En Pontedeume hubo “festa a cachón e cachón a porta” que es como Josefa describía una fiesta “de la pera” (Valga la expresión para estas fiesta de Pontedeume, la de Las Peras). Cuando me retiraba se quedaban las terrazas sin una silla libre y las pandillas subían hacia la verbena cargados con una bolsa del súper cada uno. Botellón mayúsculo, me imagino.
Por la mañana –ver foto- las calles estaban imposibles. A la puerta del Mar del Norte, una pareja de adolescentes esperaba la mañana sentados en el alfeizar de la ventana del bar. Les saludé y me respondieron con cierto desconcierto. Sería porque pronuncié un “Buenos días” con notable claridad.

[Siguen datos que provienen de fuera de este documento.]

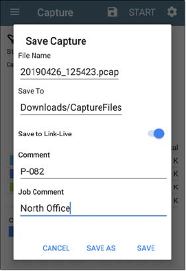 Captures are saved as .pcap files. Touch any of

Lo de darme una habitación para atrás funcionó. La música de la verbena del último día de Las Peras fue un ronquido del que me desentendí con facilidad. Descansé y a las seis estaba preparando los detalles de la ruta. A las siete y media salí a la calle a buscar el Camino de Santiago que pasaba unos metros más arriba del Mar del Norte.
La salida de Pontedeume es una larga cuesta de algo más de un kilómetro que te deja en el medio del campo. Hoy ha sido un día de muchas cuestas no muy largas, pero sí con mucha pendiente. En la primera, en la de la salida de Pontedeume, me detuve hacia la mitad a mirar atrás para ver cómo se despertaba el pueblo a la orilla del eume. Le hice la foto.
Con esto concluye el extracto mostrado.